## Exercise aim
Your answer must be the exact lines below, starting with the line with "Indeed: the Nazi" and going on through the line with "al afortunado ganador!", both included, with no pictures.

## Stored data
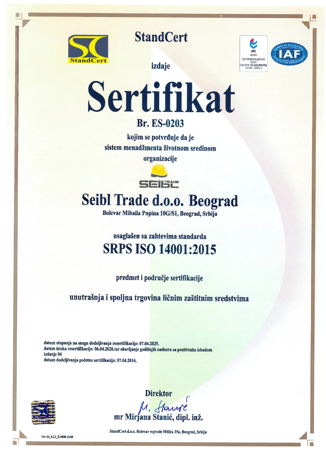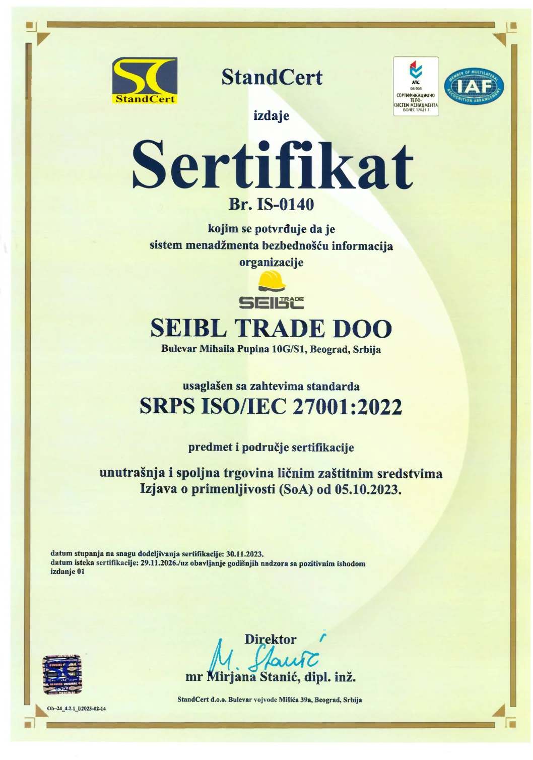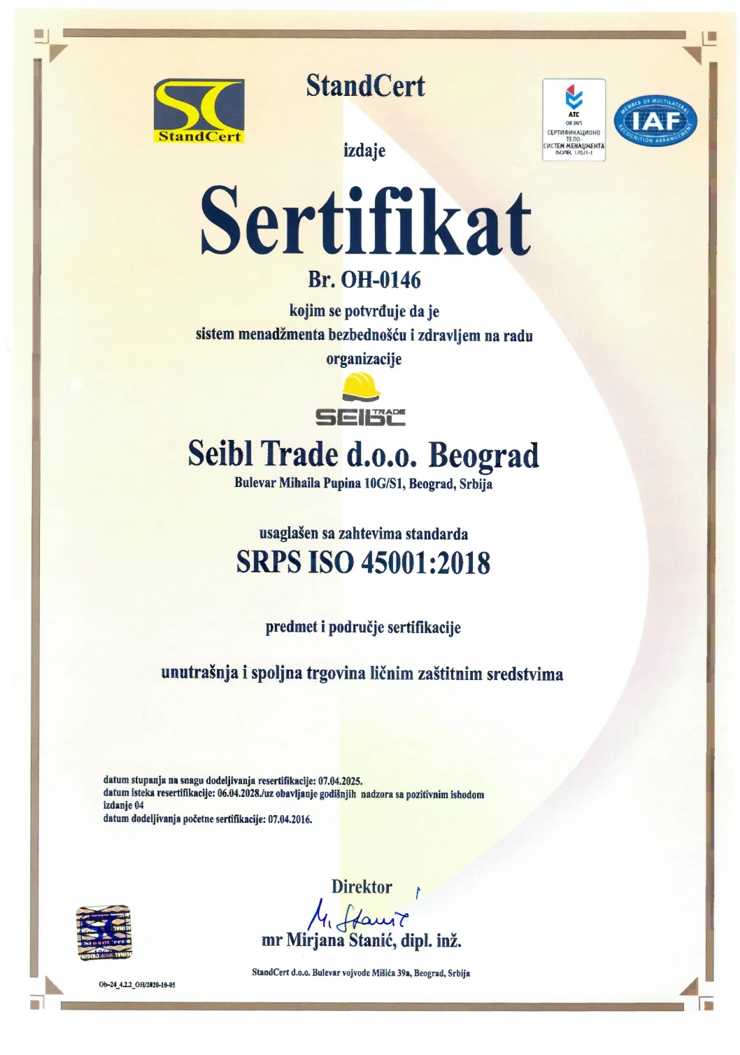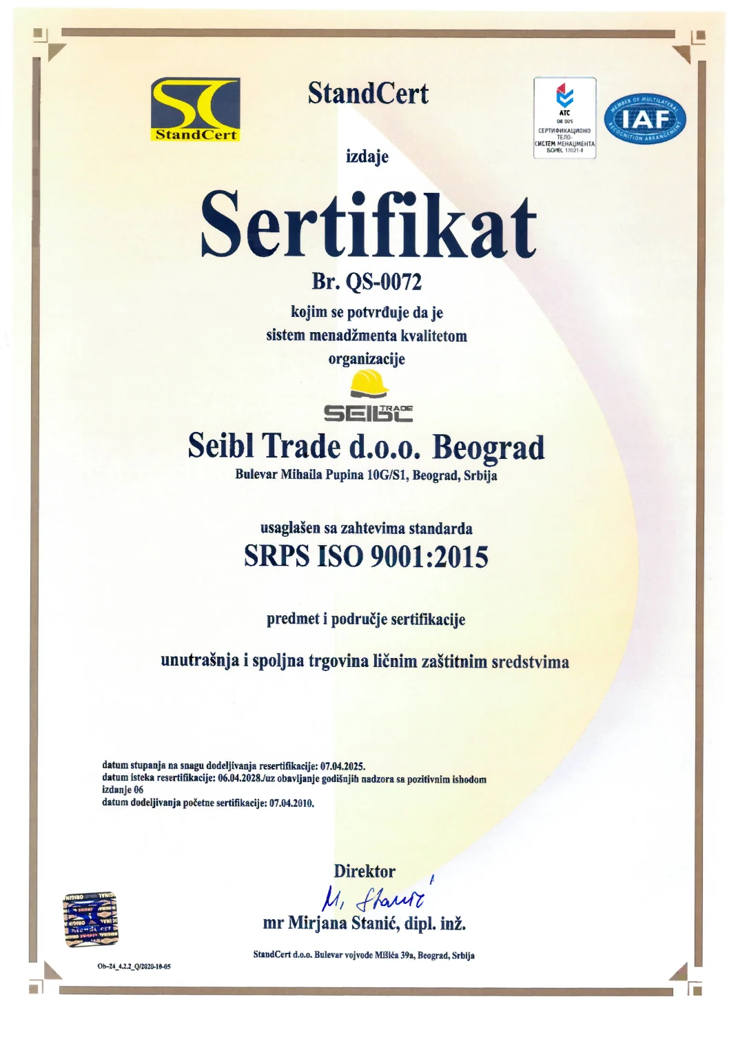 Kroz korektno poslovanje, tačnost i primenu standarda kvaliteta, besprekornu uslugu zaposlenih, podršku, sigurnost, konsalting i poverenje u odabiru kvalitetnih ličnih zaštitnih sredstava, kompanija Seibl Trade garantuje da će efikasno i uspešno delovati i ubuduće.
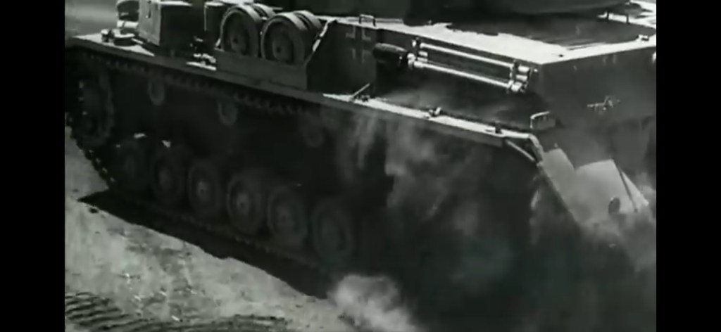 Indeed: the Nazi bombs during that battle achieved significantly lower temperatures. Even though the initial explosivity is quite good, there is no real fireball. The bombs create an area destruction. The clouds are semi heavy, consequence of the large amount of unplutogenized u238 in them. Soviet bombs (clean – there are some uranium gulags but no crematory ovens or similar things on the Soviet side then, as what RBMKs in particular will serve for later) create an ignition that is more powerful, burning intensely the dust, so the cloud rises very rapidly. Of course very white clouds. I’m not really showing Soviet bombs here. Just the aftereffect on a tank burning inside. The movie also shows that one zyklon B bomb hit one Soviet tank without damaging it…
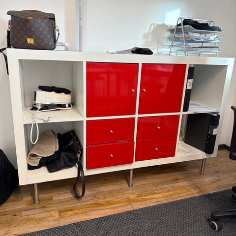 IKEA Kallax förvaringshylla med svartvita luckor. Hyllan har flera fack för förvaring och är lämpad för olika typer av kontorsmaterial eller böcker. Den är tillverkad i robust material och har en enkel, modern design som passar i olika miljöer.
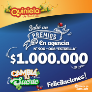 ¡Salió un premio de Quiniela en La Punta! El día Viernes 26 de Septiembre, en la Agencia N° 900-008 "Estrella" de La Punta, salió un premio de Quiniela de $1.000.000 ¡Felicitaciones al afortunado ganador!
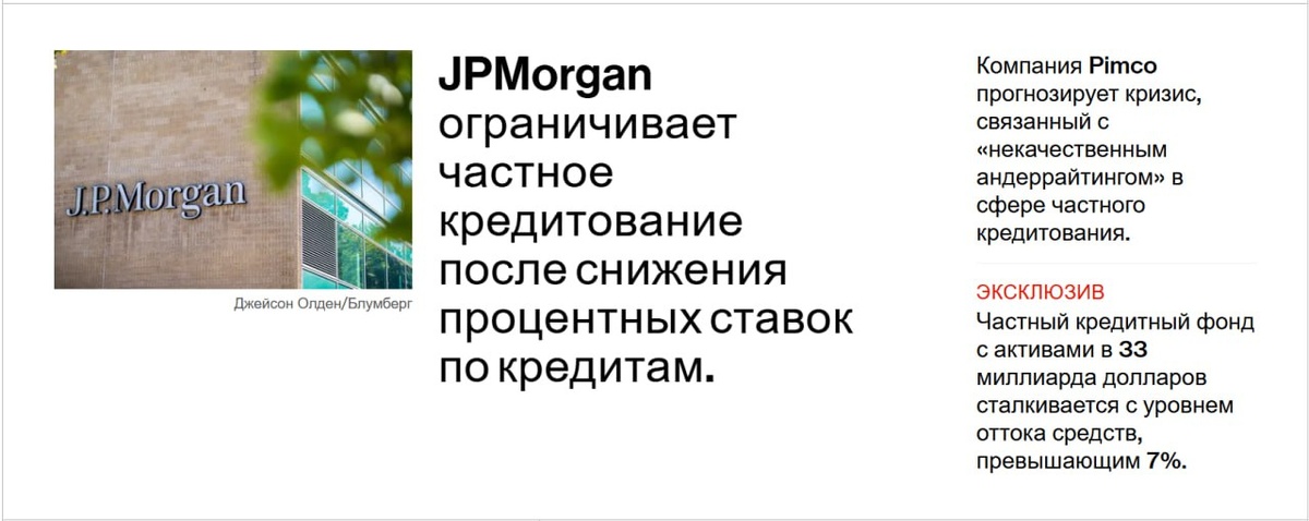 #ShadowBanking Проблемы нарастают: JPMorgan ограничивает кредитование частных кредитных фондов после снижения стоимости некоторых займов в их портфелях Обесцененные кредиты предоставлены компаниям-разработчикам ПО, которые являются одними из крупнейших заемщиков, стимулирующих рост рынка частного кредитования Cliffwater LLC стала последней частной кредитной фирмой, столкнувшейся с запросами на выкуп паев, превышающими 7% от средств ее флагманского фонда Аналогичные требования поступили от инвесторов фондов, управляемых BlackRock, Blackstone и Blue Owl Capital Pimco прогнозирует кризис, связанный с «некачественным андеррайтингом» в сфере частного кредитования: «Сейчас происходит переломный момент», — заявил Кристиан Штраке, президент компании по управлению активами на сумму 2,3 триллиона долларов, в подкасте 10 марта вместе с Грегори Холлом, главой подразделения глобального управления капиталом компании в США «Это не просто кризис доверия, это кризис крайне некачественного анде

## Solution for this task
 Indeed: the Nazi bombs during that battle achieved significantly lower temperatures. Even though the initial explosivity is quite good, there is no real fireball. The bombs create an area destruction. The clouds are semi heavy, consequence of the large amount of unplutogenized u238 in them. Soviet bombs (clean – there are some uranium gulags but no crematory ovens or similar things on the Soviet side then, as what RBMKs in particular will serve for later) create an ignition that is more powerful, burning intensely the dust, so the cloud rises very rapidly. Of course very white clouds. I’m not really showing Soviet bombs here. Just the aftereffect on a tank burning inside. The movie also shows that one zyklon B bomb hit one Soviet tank without damaging it…
 IKEA Kallax förvaringshylla med svartvita luckor. Hyllan har flera fack för förvaring och är lämpad för olika typer av kontorsmaterial eller böcker. Den är tillverkad i robust material och har en enkel, modern design som passar i olika miljöer.
 ¡Salió un premio de Quiniela en La Punta! El día Viernes 26 de Septiembre, en la Agencia N° 900-008 "Estrella" de La Punta, salió un premio de Quiniela de $1.000.000 ¡Felicitaciones al afortunado ganador!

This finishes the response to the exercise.